Confidence Intervals for Regression Coefficients
1. Introduction
In regression analysis, confidence intervals provide a range of plausible values for the true population parameters, given the observed data. We'll focus on the 95% confidence interval for the OLS estimator.
2. Formula for 95% Confidence Interval
For a given coefficient \(\beta_j\), the 95% confidence interval is given by:
\[
\hat{\beta}_j \pm t_{n-k,0.975} \cdot SE(\hat{\beta}_j)
\]
Where:
- \(\hat{\beta}_j\) is the OLS estimate of the j-th coefficient
- \(t_{n-k,0.975}\) is the 97.5th percentile of the t-distribution with n-k degrees of freedom
- n is the number of observations
- k is the number of predictors (including the intercept)
- \(SE(\hat{\beta}_j)\) is the standard error of \(\hat{\beta}_j\)

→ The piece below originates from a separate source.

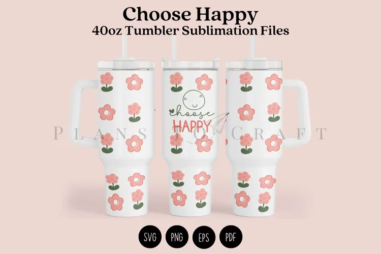 Choose Happy 40oz Tumbler Sublimation Wrap SVG

3. Calculating the Standard Error
The standard error for \(\hat{\beta}_j\) is given by:
\[
SE(\hat{\beta}_j) = \sqrt{\hat{\sigma}^2 \cdot [(X'X)^{-1}]_{jj}}
\]
Where:
- \(\hat{\sigma}^2\) is the estimate of the error variance: \(\hat{\sigma}^2 = \frac{RSS}{n-k}\)
- RSS is the Residual Sum of Squares
- \([(X'X)^{-1}]_{jj}\) is the j-th diagonal element of \((X'X)^{-1}\)
4. Interpretation
A 95% confidence interval means that if we were to repeat the sampling process many times and calculate the confidence interval each time, about 95% of these intervals would contain the true population parameter.
For a given sample:
- If the interval doesn't contain 0, we can conclude that the coefficient is statistically significant at the 5% level.

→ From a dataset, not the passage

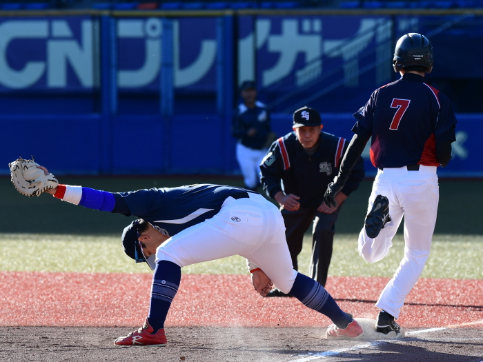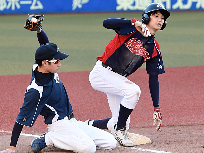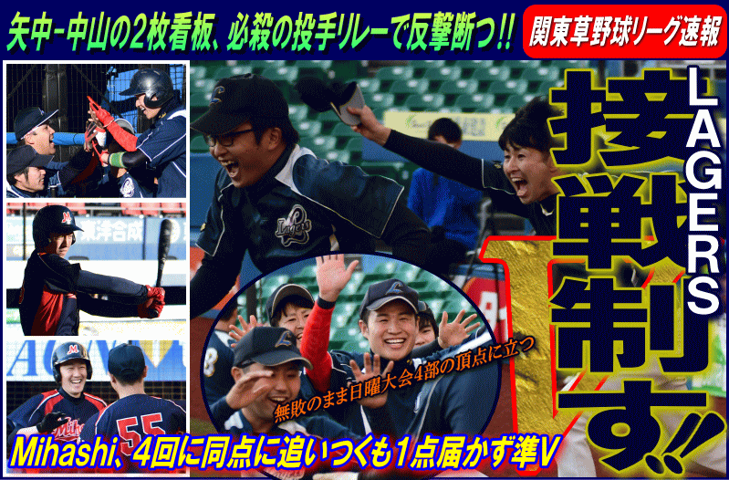 | LAGERSは初回、四球とヒットで1死1,3塁とすると4番・矢中のタイムリー2塁打で2者が帰りいきなり2点を先制する。反撃したいMihashiは4回裏、1死からヒットで走者を出すと3番・福島のタイムリー3塁打で1点を返すと、次打者の時パスボールの間に走者がかえり2−2の同点に追いつく。その後両チームとも得点が入らず試合は最終回に突入する。LAGERSは、四球とヒットで1死1,2塁のチャンスを作ると5番・柴田がライトへのタイムリー2塁打を放ち1点を勝ち越し。その後2,3塁から6番・神田のライトへの犠牲フライで1点を追加し4−2とリードを広げた。後のないMihashiはその裏猛反撃を見せる。ヒットと四球でノーアウト満塁の絶好のチャンスを作ると5番・堀のライト前ヒットで1点に詰め寄りなお無死満塁。同点、サヨナラの絶好のチャンスが続く。しかしその後まさかの3者連続三振を喫しLAGERSが最終回の大ピンチを凌ぎ4−3で逃げ切った。 |

- The width of the interval provides information about the precision of the estimate. Narrower intervals indicate more precise estimates.
5. Assumptions
The validity of these confidence intervals relies on several assumptions:
- Linearity: The relationship between X and Y is linear.
- Independence: The observations are independent of each other.
- Homoscedasticity: The variance of the residuals is constant.
- Normality: The residuals are normally distributed.
- No perfect multicollinearity among the predictors.
Violation of these assumptions can lead to incorrect confidence intervals.
6. Example Calculation
Suppose we have the following results for a coefficient \(\beta_1\):
- \(\hat{\beta}_1 = 2.5\)
- \(SE(\hat{\beta}_1) = 0.5\)
- n = 100, k = 3
- \(t_{97,0.975} \approx 1.98\) (from t-distribution table)
The 95% confidence interval would be:
\[
\begin{aligned}
2.5 \pm 1.98 \cdot 0.5 &= 2.5 \pm 0.99 \\
&= [1.51, 3.49]
\end{aligned}
\]
Interpretation: We are 95% confident that the true population value of \(\beta_1\) lies between 1.51 and 3.49.
7. Considerations
- For large samples, the t-distribution approaches the normal distribution, so z-scores may be used instead of t-scores.
- In the presence of heteroscedasticity, robust standard errors (e.g., White's standard errors) should be used to calculate more accurate confidence intervals.
- For non-linear models or when assumptions are violated, bootstrap methods can be used to construct confidence intervals.